What makes something a weed?

On a gardening show yesterday, this guy shows a table full of potted plants. Most of them are green leafies, and looked pretty much to me like any other houseplants. One of them even had little flowers, sort of “baby’s breath” type flowers. Lo and behold, it turns out that he is talking about weeds! All these plants are pests, and he starts telling how to kill each one.

Huh? I had always thought of weeds as those green, leafless sticks that look sort of like wheat stalks, but in general have no aesthetically redeeming characteristics. So, why is the handsome plant with the little flowers a weed?

As told to me by an old greenskeeper “Anything that appears on your lawn that you don’t want there is a weed.”

Benlormat has it spot on. Although various definitions of weeds are floating around by far the most widely accepted one, and the only one that works, is “a plant where it is not wanted”.

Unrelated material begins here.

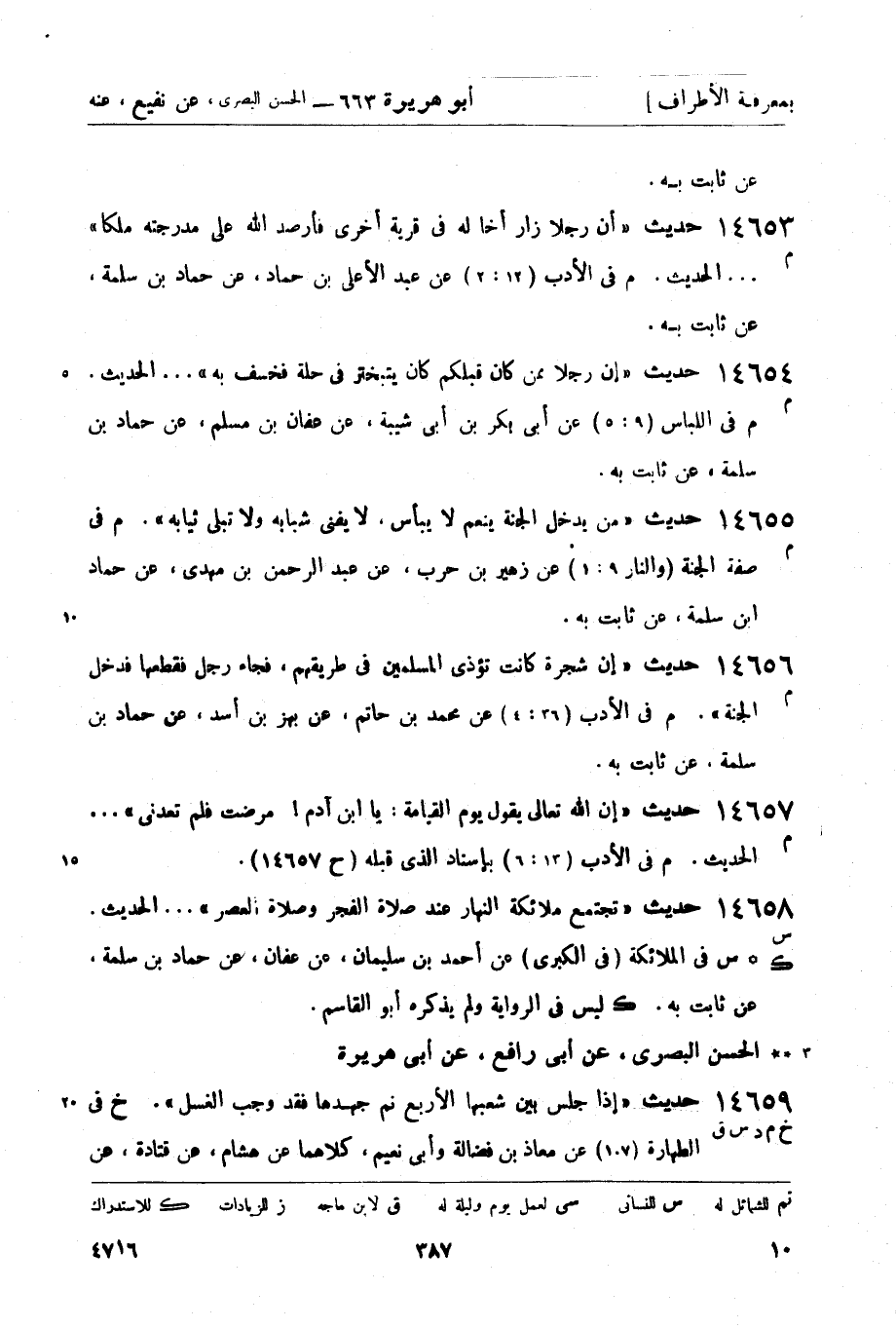 م فيه (الطهارة 56: 1) عن أبي خيثمة زهير بن حرب وأبي غسان المسمعي وابن مثنى وابن بشار، أربعتهم عن معاذ بن هشام، عن أبيه، عن قتادة ومطر الوراق، كلاهما عن الحسن به. و (56: 2) عن محمد بن عمرو بن جبلة، عن ابن أبي عدي - و (6: 2) عن ابن مثنى، عن وهب بن جرير - كلاهما عن شعبة به.

And it really is that simple. Far from being plants with no redeeming characteristics many of the world’s worst weeds are plants of great beauty. It was there attractiveness that led people to move them from their natural environment in the first place, and in many cases once they had been moved they rapidly became weeds.

However weeds can also be indigenous to an area. Most of the world’s weeds fall into that category. An oak tree in a wheatfield is indisputably a weed, which is why so much effort was spent eliminating them before cultivation.

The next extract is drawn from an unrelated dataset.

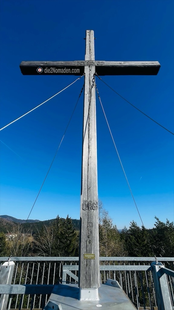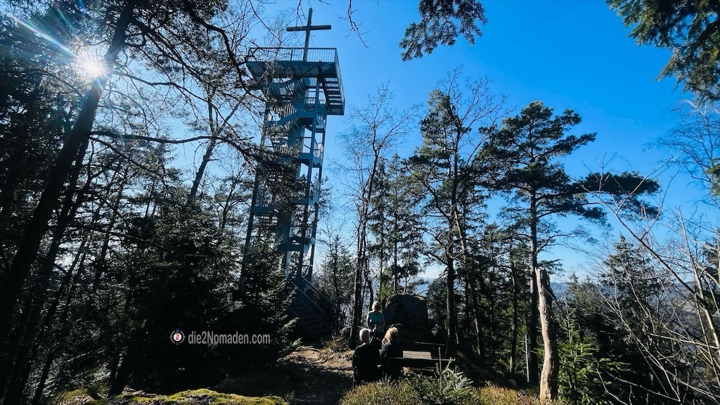 Bald erreichen wir das Heimkehrerkreuz: Nach dem Zweiten Weltkrieg von heimkehrenden Soldaten errichtet, wurde das zwölf Meter hohe Kreuz 2002 abgetragen und durch die gleich hohe Aussichtswarte mitsamt etwa drei Meter hohem Holzkreuz ersetzt. Von hier oben hat man wirklich einen traumhaften Ausblick in alle Himmelsrichtungen und natürlich auch hinunter nach Waldhausen. Am Fuße der Warte liegt aus Holz geschnitzt einer der Heimkehrer. Auch ein Rastplatz ist hier angebracht.

And as you can see there are various categories of weeds. There are economic weeds such as the weeds that compete with commercial crops and cost money in a very direct sense. There are environmental weeds like the punkwood invading the everglades that don’t cost money directly but that destroy the ecological value of land. There are aesthetic weeds like crabgrass that are unwanted simply because they are considered unattractive. There are medical weeds like poison ivy that are unwanted because they pose a physical risk to people or animals. There are also several other possible classes of weeds that don’t fit neatly into any of those categories.

The simple fact that a plant is attractive doesn’t in any way stop it form being a weed. An attractive plant can even manage to be an aesthetic weed, as odd as that might seem. While baby’s breath might seem pretty in isolation I’m sure you would think differently if your entire lawn were choked with it.

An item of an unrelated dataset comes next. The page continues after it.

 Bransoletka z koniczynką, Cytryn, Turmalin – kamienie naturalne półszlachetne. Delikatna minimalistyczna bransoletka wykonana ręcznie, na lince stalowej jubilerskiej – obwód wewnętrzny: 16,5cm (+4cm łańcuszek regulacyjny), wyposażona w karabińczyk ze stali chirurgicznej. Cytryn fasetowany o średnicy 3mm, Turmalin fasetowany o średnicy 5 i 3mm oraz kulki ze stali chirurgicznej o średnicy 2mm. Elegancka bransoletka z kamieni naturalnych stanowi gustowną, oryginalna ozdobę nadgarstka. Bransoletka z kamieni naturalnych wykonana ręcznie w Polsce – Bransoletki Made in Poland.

The usual cliché is ‘any plant that grows somewhere that the gardener doesn’t want it is a weed’ (or something like that), so potatoes could be considered weeds if they grow from leftover tubers, in the middle of this year’s carrots.

However, the general characteristics of ‘problem’ weeds would be; fast, persistent or invasive growth, a tendency to choke other plants, prolific reproduction, unattactive appearance or thorns/spines etc.

There is no botanical disticntion though; ultimately, all garden plants are derived from wild ancestors; some through a process of intensive cultivation, but some with little or no change from their wild counterparts.

One man’s ‘invasive creeping weed’ can very easily be another’s ‘ideal ground cover’.